I grabbed my laptop bag and weapon. “They’ll have it covered.”

“Better than staying here.”

The first Russian appeared at the top of the stairs. I put two rounds dead center before he could raise his pistol. The body slunk to the floor.

“Contact!” someone shouted in accented English.

Reaper reached the window and looked down. “Two more in the alley, but it’s our only way out.”

More footsteps pounded up the stairs. The remaining team was almost here.

“Jump! I’ll cover you!” Reaper shouted.

“Are you insane?”

Gunfire erupted from the hallway behind us. No choice now.

“Move!” Reaper kicked out the window screen and stepped onto the metal platform.

I followed him out the window, and we clattered down the stairs as fast as we could.

Bullets sparked off the grating around us when the Russians in the alley opened fire.

“Jump from here!” Reaper shouted when we reached the second-floor landing.

Two stories down onto wet pavement. I hit hard and rolled across the alley. Reaper landed beside me and pulled both of us to our feet.

“Motorcycle!” He pointed to a black BMW at the alley mouth. “Let’s go!”

We ran as bullets hit the concrete inches from our feet as we raced toward it.

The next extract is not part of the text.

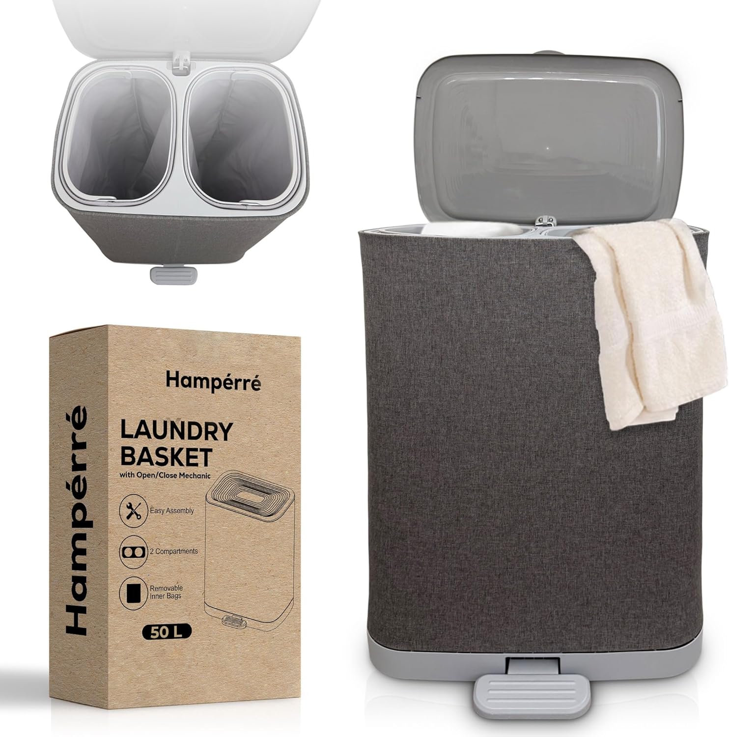 Hampérré Dual Compartment Laundry Hamper – 50 Liter Large Laundry Basket with Lid & Foot Pedal – Removable Bags, Waterproof Fabric, Modern Design, Easy Sorting for Clothes, Bedroom & Laundry Room

Reaper kicked on the engine of the bike he must’ve arrived on. His muscles flexed under his gear. “German intelligence response is five minutes out!”

I climbed on behind him and wrapped my arms around his waist.

The bike launched forward. Behind us, automatic weapon fire lit up the night as the FSB agents poured from inside the building.

“Left!” I spotted a roadblock ahead. “They’ve got the main streets!”

Reaper’s knee nearly scraped the pavement as he leaned into a turn that defied physics, and shot onto a narrow side alley.

Bullets whined off brick walls inches from our heads as we weaved through the streets.

“Subway!” Reaper pointed ahead of us.

He skidded to a stop at the entrance. We abandoned the bike and raced down the concrete steps into the tunnel system.

“Run!” Reaper grabbed my arm and pulled me toward the maintenance corridors.

Footsteps echoed from behind. Heavy boots. At least three hostiles on our tails.

We squeezed into a narrow maintenance passage, pressed together in the confined space. I could feel his heartbeat, fast and hard.

Flashlights swept the main tunnel, and voices shouted orders in Russian. They were more now, spreading out, searching systematically.

We pressed deeper into the shadows when a beam of light drifted past our hiding spot. The voices faded as the team moved beyond our position.

We stood there in the dark, breathing hard, facing each other. The adrenaline, the fury, the electricity between us—it was all still there, crackling in the air.

“You should have left me.” My voice was raw with anger mixed with terror.

“Like hell.” His words were rough, dangerous. “You think I’d let them put a bullet in your head?”

“I specifically told you to save Mercury first, and you ignored me!”

“You want to hate me for saving your life? Fine. Hate me.”

“I do hate you.” The words came out breathless and unconvincing.

Reaper’s body pressed against mine. His hands fisted in my hair, and his mouth crashed into mine. I returned his kiss with everything I had—all the rage and terror burning through my veins.

“I hate you,” I repeated. “I fucking hate you.”

“Yeah, babe, I hate you too,” he said before he thrust his tongue inside my mouth, making my traitorous body lean harder into his.